Chemical kinetics

The kinetics is a category of physical chemistry. It deals with the temporal sequence of chemical reactions ( kinetics ) or physico- chemical processes (eg, diffusion, material deposition on surfaces). The kinetics is divided into two sections, the micro-kinetics and the macro-kinetics. While the microkinetics dealt only with the timing of a reaction in which macrokinetics the influence of macroscopic heat and mass transport is included. In this article I will discuss only the micro-kinetics.

  • 6.1 Measurement method
  • 6.2 metrics
  • 6.3 mixing process 6.3.1 Determination of the reaction order
  • 6.3.2 Determination of the reaction rate coefficients
  • 6.3.3 Determination of the Arrhenius factor and the activation energy
  • 7.1 relaxation kinetics
  • 7.2 flash photolysis

The reaction rate

The basic size is carried out with the rate, the rate of reaction. It specifies how many particles are reacted per unit of time in a chemical reaction. This speed depends on many factors. Depending on the underlying model, there are different ways to look at the reaction rate.

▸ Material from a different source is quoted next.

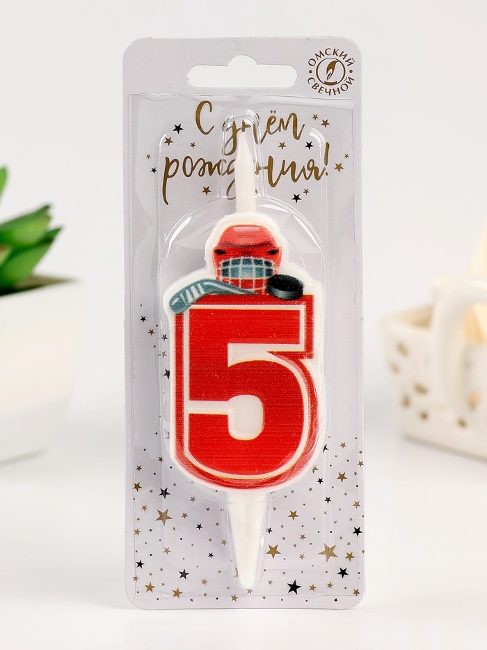 Свеча в торт «Хоккейная», цифра 5, красная

An important factor to consider is the concentration of the present substance. The more particles containing a volume, the more collisions there will be a period of time. However, since a reaction can take place only when two particles collide with each other, the reaction rate increases with the concentration of the reactants.

If a reaction of the following type is present

Then for the forward reaction rate law

The reaction rate, the decrease in concentration of the substance A and the elapsed time. This reaction velocity is the average velocity of the reaction, as individual molecules require different long time intervals prior to entering a reaction event.

Since the decline of the reactants to the increase of the products must meet, also applies

The negative sign is required if the reaction rate is the change in concentration of the reactants, where the substance A, based. Due to the decrease in concentration of the substance A is negative (concentration of substance A at the time, concentration of substance A at the time ). In contrast, and positive.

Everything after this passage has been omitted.